Dr. Eric Shuping, operations director of the VA’s Health Outcomes of Military Exposures office talked about the multiple registries the office oversees and clarified the overarching purpose of the registries.

“The purpose of the redesigned registry is to conduct surveillance of the entire cohort and to update the cohort on any new findings,” Shuping said. “The entire Defense Manpower Data Center roster of veterans and service members who deployed to the Southwest Asia theater of operations—from August 2, 1990 to present—will be migrated into the Veterans Integrated Registries Platform.”

The VA’s Post-Deployment Health Services currently manages six congressionally mandated registries: Agent Orange, Gulf War Registry, Ionizing Radiation Registry, Toxic Embedded Fragments, Depleted Uranium, and Airborne Hazards and Open Burn Pit Registry.

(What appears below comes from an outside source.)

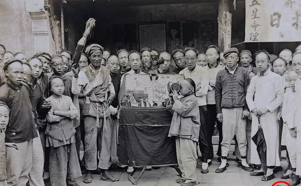 这玩意儿我们那儿叫看画片匣子,木箱子前面开了小洞,孩子把眼睛凑上去,里头是换景的画轮,手摇一摇,画面就走,旁边的人围成一圈,像现在的VR一个理儿,不过更热闹,喊一声开场,围观的立马多了几排。
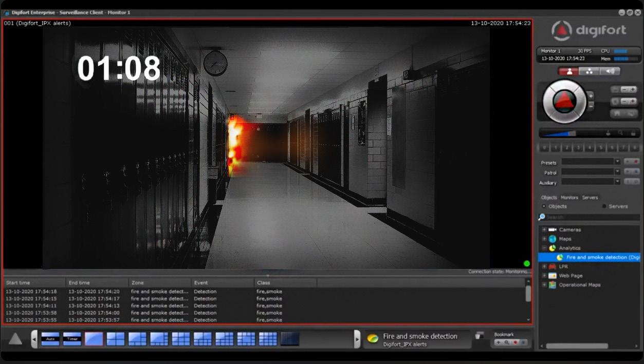 Capable of detecting smoke and triggering pre-determined alerts to operators for immediate action.

More than 970,000 veterans are enrolled in these registries. In 2022, the Airborne Hazards and Open Burn Pit Registry had 67,519 new participants, an all-time high.

U.S. Air Force Master Sgt. Lonnie Kemp, noncommissioned officer in charge of the bioenvironmental engineering office with the 124th Medical Group, 124th Fighter Wing in Boise, Idaho, said he attended the training to get a better understanding of how medical providers view environmental exposures, ensuring he can provide airmen within his unit the most current information regarding their health and life after service.

“The 124th Fighter Wing continuously strives to provide the best opportunities and care for our airmen as it relates to their physical health, mental health, welfare, and safety,” Kemp said. “This training, and others like it, positively impacts our capability to meet that goal.”